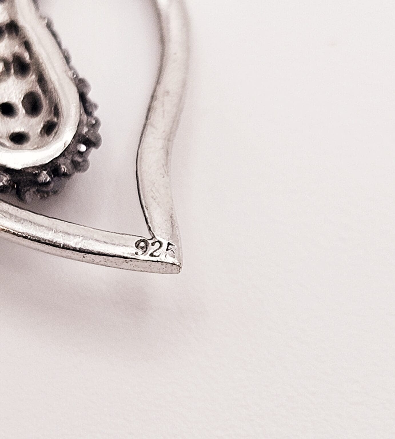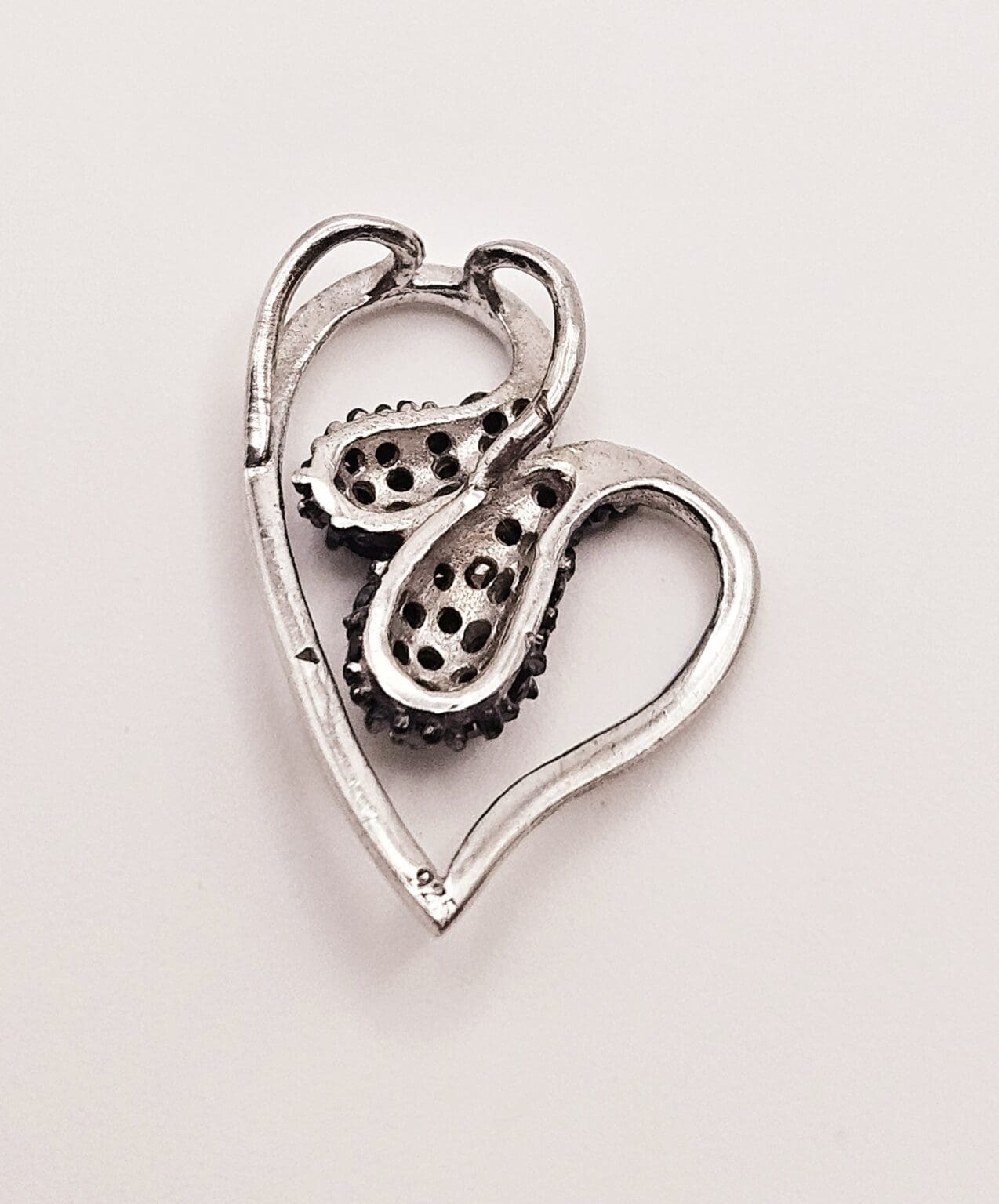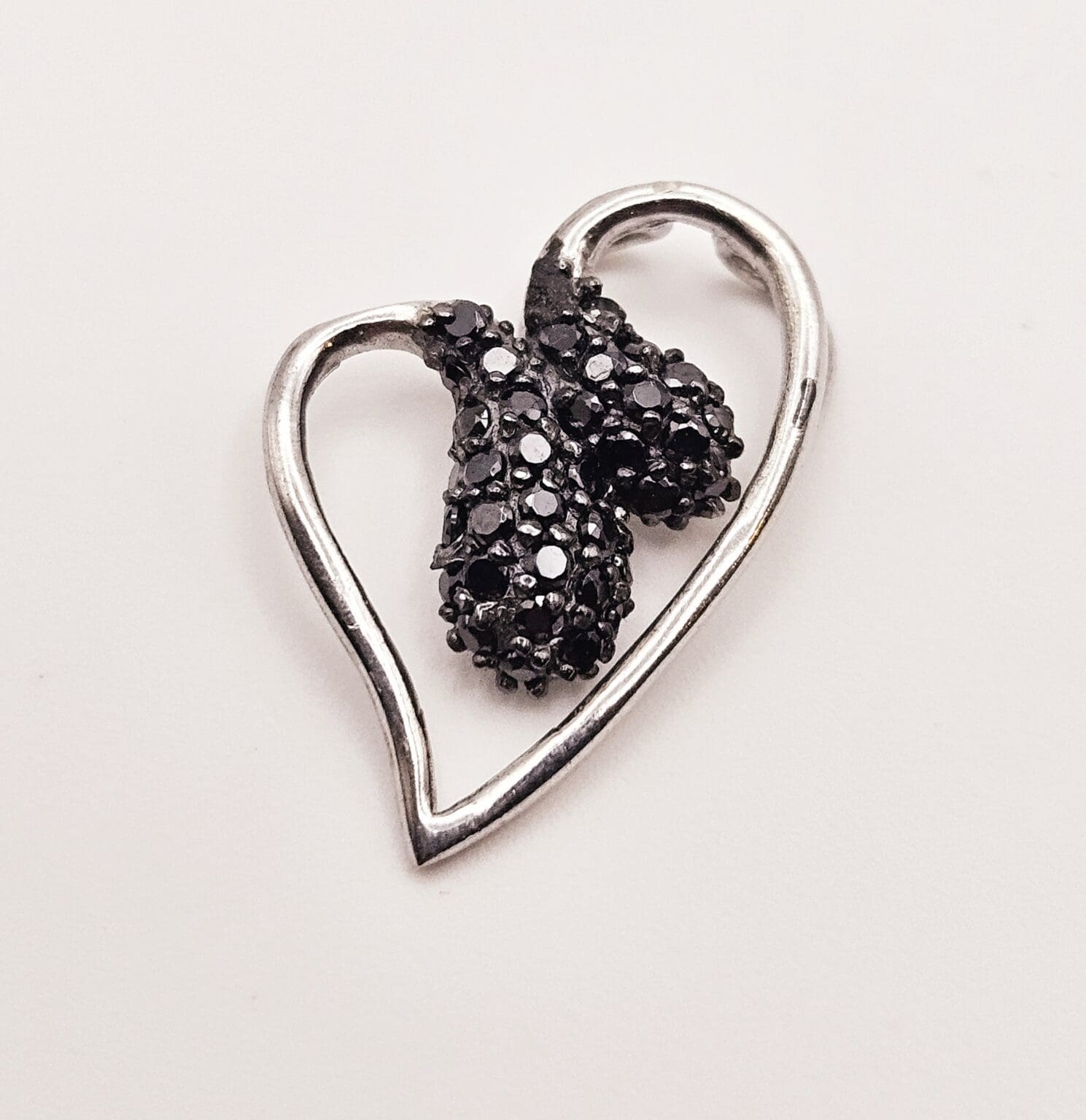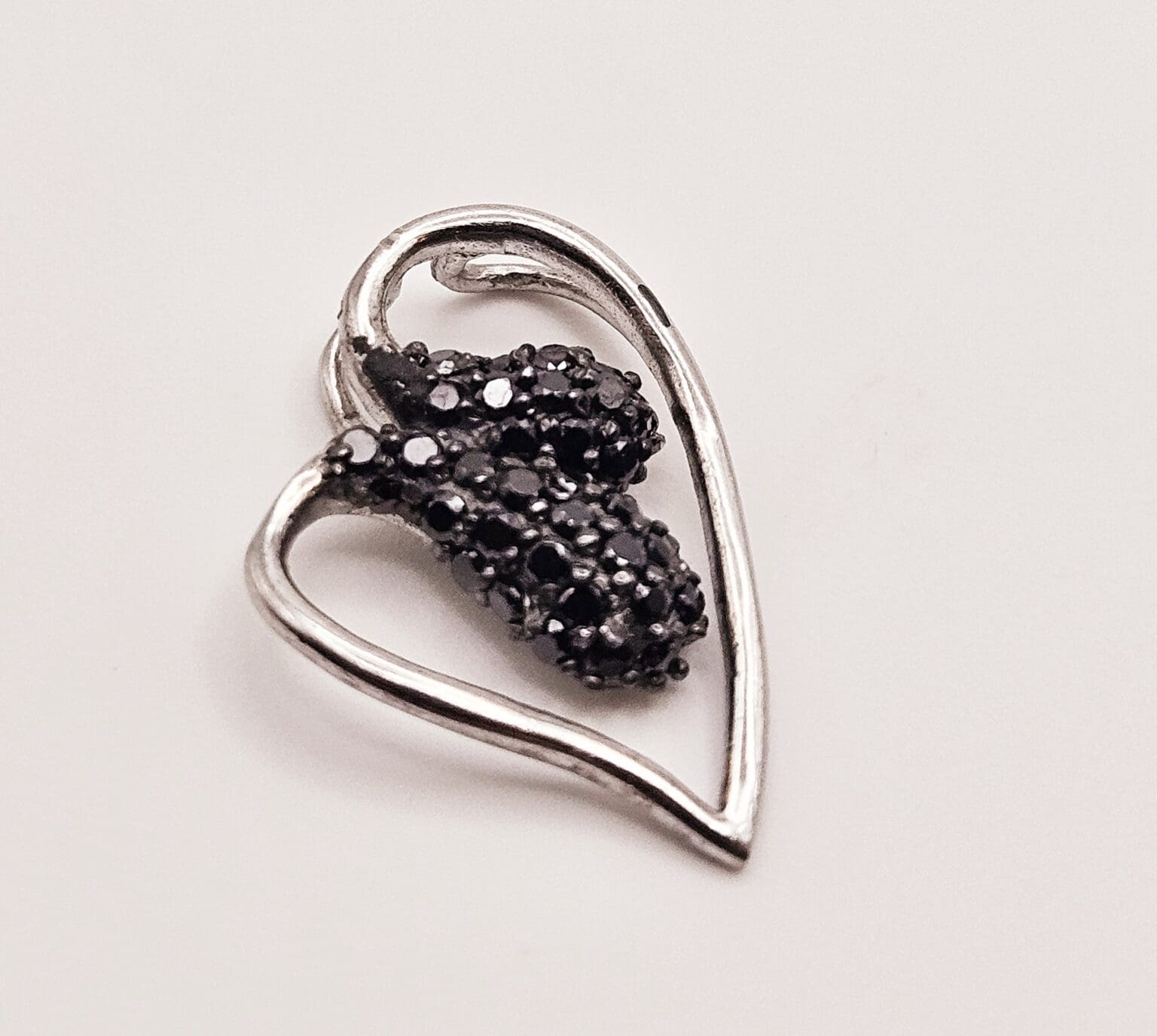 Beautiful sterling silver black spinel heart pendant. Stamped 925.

---

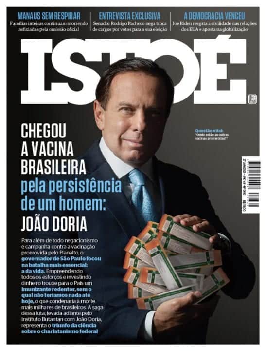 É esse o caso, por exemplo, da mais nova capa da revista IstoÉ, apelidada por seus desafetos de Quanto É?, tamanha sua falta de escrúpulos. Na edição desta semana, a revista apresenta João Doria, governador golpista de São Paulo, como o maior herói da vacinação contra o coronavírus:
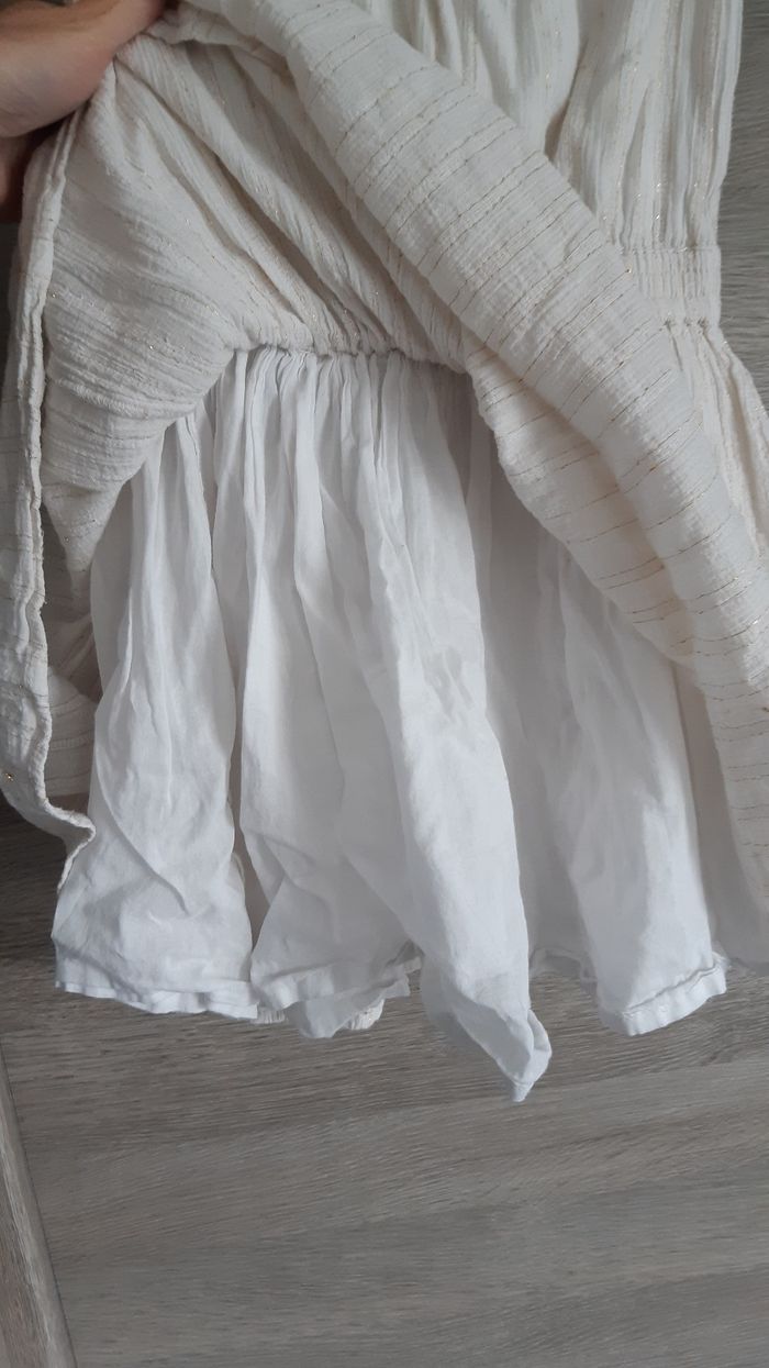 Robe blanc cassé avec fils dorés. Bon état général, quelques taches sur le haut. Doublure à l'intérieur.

---

• WHAT TO WORK ON: Copy the entries above exactly, but only the stretch from the line containing "É esse o caso, por" through the line containing "Robe blanc cassé". Keep both end lines; drop the pictures.

• THE ANSWER:
 É esse o caso, por exemplo, da mais nova capa da revista IstoÉ, apelidada por seus desafetos de Quanto É?, tamanha sua falta de escrúpulos. Na edição desta semana, a revista apresenta João Doria, governador golpista de São Paulo, como o maior herói da vacinação contra o coronavírus:
 Robe blanc cassé avec fils dorés. Bon état général, quelques taches sur le haut. Doublure à l'intérieur.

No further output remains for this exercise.